Labeled ZFS filesystems will also improve the security of
removable devices (such as USB media) in Trusted environments.
Proposal:
========
ZFS filesystem mechanisms make it possible to support labels as
attributes of the data. To protect these labels from user
manipulation, they will be system attributes as defined by ZFS,
and will be supported by kernel policy to maintain the label
and control access to the corresponding data.
ZFS kernel mount logic will access the label attribute and
perform a check for label dominance, similar to the policy
found in lofs and nfs mount code. Labeling of previously
unlabeled ZFS file systems will generally be automatic and
not require administrative action.
Details:
=======
A new system property called "mlslabel" is defined. Its value
on disk is a string which represents the internally encoded label
of the dataset. (E.g., "0x0002-08-08", which corresponds to the
"public" label.) mlslabel is an inheritable property; when not
present, it defaults to the string "none" to indicate no label
is present. The mlslabel property follows the same rules as the
other inheritable properties.
When Trusted Extensions is enabled, mount-time checks will
verify that the dataset label matches the label of the zone
that the dataset is mounted into. If the labels do not match,
the mount syscall fails with an EACCES error.

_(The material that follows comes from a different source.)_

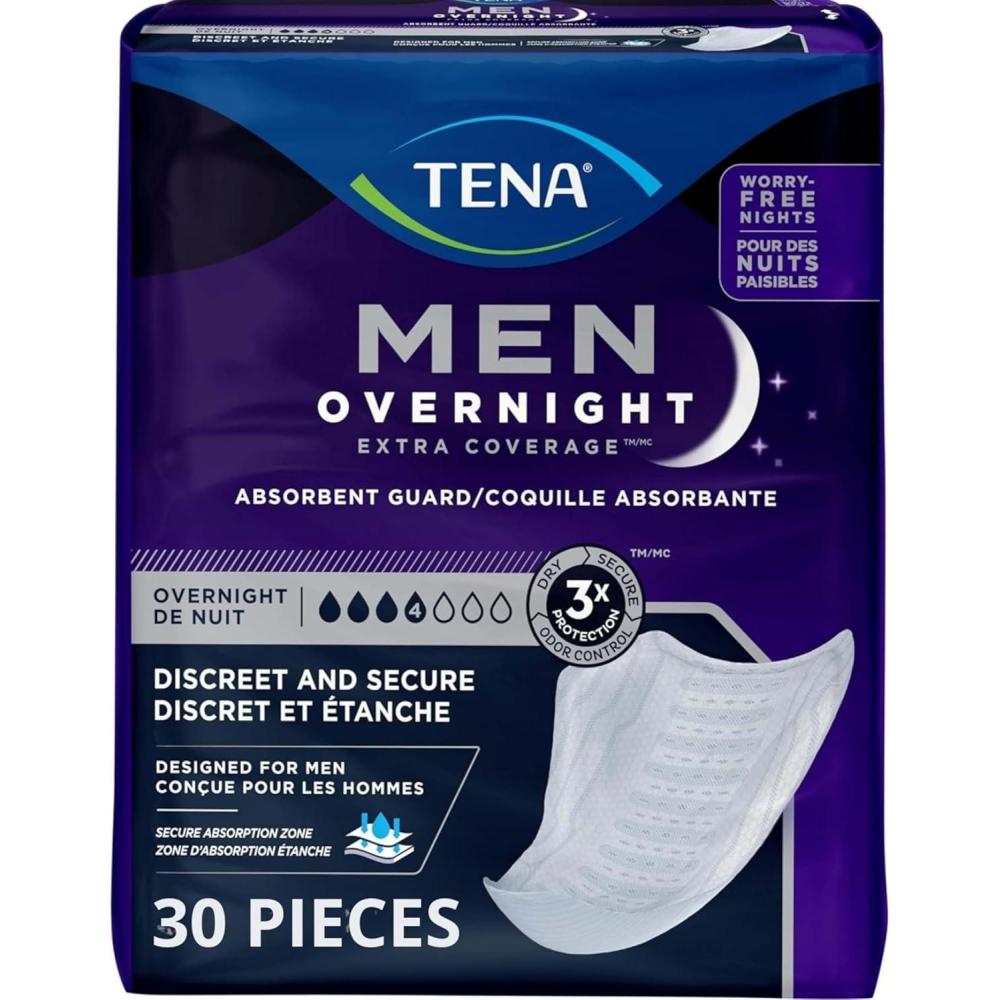 TENA Incontinence Guards, Overnight Absorbency & Advanced Odor Protection, Incontinence Guards for Men, 90 ct(30 Count)

The mlslabel property may be set from the command line using the
zfs command, for example:
zfs set mlslabel=public export/something
Setting the mlslabel property can only be done when Trusted
Extensions is enabled. The file_upgrade_sl privilege is required
when setting an initial label, or changing a non-default label
to a higher level label. The file_downgrade_sl privilege is
required when removing a label (setting it to "none") or when
changing a non-default label to a lower level label.
Unlike other properties, the mlslabel property is a Mandatory
Policy attribute used to support label base Mandatory Access
Control; therefore rights to modify it may not be delegated.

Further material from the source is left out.